Unlocking Green Energy for Europe’s Digital Future

This growing need for investments in green digital infrastructure is further supported by the recently adopted Clean Industrial State Aid Framework (CISAF) by the European Commission, in effect until 2030. CISAF is designed to provide increased flexibility for Member States to support renewable energy initiatives, industrial decarbonization, and the development of clean technology manufacturing capacity. This framework allows for faster approval processes and simplified procedures, encouraging a wave of green investments and making the EU a more attractive destination for clean energy capital. It signals a clear commitment from the EU to accelerate the green transition and enhance European competitiveness, providing a vital pathway for countries like Greece to integrate their digital ambitions with robust sustainability goals.

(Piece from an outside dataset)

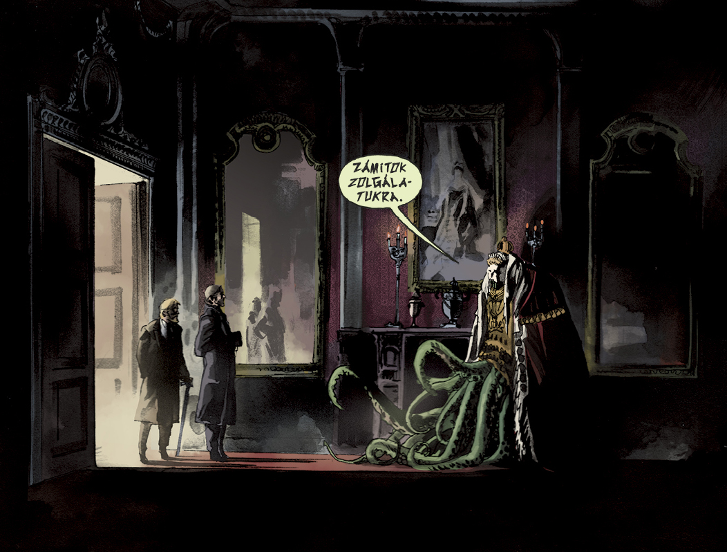 Míg Gaiman írása egy Holmes-imitációként kezdi, és csak később lep meg minket a lovecrafti fordulattal (azt is fokozatosan), addig Albuquerque a legelső oldaltól jelzi képi világával, hogy ez nem egy sima Sherlock Holmes adaptáció lesz.

The Path Forward: Integrating Digital Growth with Sustainability

Achieving a balance between the booming data center growth and sustainability goals requires a multi-faceted approach:

  • Urgent and substantial investments in new renewable energy sources, energy storage, and grid infrastructure to avoid bottlenecks and ensure reliable power
  • Strategic siting of data centers in regions with grid capacity.
  • Streamlining investment flows in both data centers and renewable energy sources through blended financial mechanisms such as CISAF.
  • Continuous innovation in energy efficiency and smart operations to reduce the overall footprint.

AI is both a powerful enabler of innovation and efficiency, and a significant energy consumer. Navigating this paradox demands collaboration across research, industry, and policy — to power a sustainable digital future.